Although Theodore Dreiser never received the Nobel Prize for literature, he is recognized today as a genuine American literary pioneer, and his massive An American Tragedy is acclaimed as one of the most important novels in American literature.
Theodore Dreiser’s beginnings were not auspicious. The twelfth of thirteen children, he was born in Terre Haute, Indiana, in 1871. His parents were poor and rootless, and, like Clyde Griffiths, his protagonist-victim, Dreiser spent much of his youth tortured by dreams of girls, wealth, and high society. Also like Clyde Griffiths, he left alone for Chicago, without finishing high school, and worked at odd jobs.
After a year at Indiana University, Dreiser became a reporter for the Chicago Globe and hoped to enter the homes of luxury and beauty instead of looking in through their bright windows. He drifted from the Globe to other newspapers in the Middle West and finally got a job with the Pittsburgh Dispatch. In Pittsburgh, he discovered the novels of Balzac.
At the age of twenty-three, Dreiser moved to New York, where his brother (Paul Dresser) was a popular songwriter.
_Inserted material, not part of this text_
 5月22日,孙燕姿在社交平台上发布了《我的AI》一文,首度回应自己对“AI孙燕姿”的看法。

Here Dreiser began his first novel, Sister Carrie, a pioneering work in American literary naturalism. Because of its erotic and moral frankness, its own publishers suppressed the book in 1900.
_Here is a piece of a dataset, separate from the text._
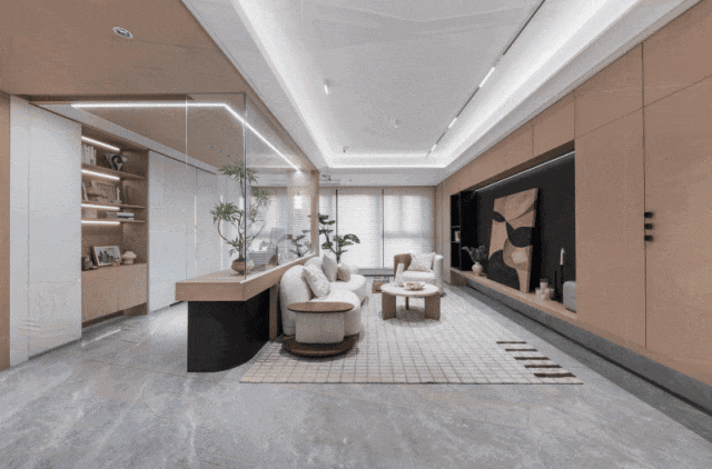 如果是以悦己需求为出发点的两口之家,可采用玻璃、推拉门的方式做软性分割,打造与客厅相连、又有一定的界限的电竞房/阅读区。

Failing as a journalist in New York, Dreiser next turned to magazines, hoping to treat his assignments more imaginatively than newspapers permitted. By the time his second novel, Jennie Gerhardt (1911), was published, he had influential support from such writers as Frank Norris (who had earlier championed Sister Carrie), H. G. Wells, and Hugh Walpole.
Dreiser then seriously devoted himself to writing novels. The first two volumes of his “Trilogy of Desire” — The Financier (1912) and The Titan (1914) — drew a harsh portrait of a ruthless businessman. The “Genius” (1915) was a study of the artistic temperament in a materialistic society. In addition, Dreiser wrote stories, plays, essays, and travel sketches. But wide fame and financial success did not come to the leader of the school of American realism until the publication in 1925 of his monumental and controversial An American Tragedy.
Dreiser continued to write steadily — stories, poems, travel books, sketches, autobiography, and novels — but none of his works made an impact comparable to An American Tragedy. Toward the end of his career, Dreiser devoted himself to questions of socialism and religion. His last novel, The Bulwark (1946), was published a year after his death and is a Quaker novel of considerable power. Also published posthumously was The Stoic (1947), the third and not-really-finished volume of his “Trilogy of Desire.”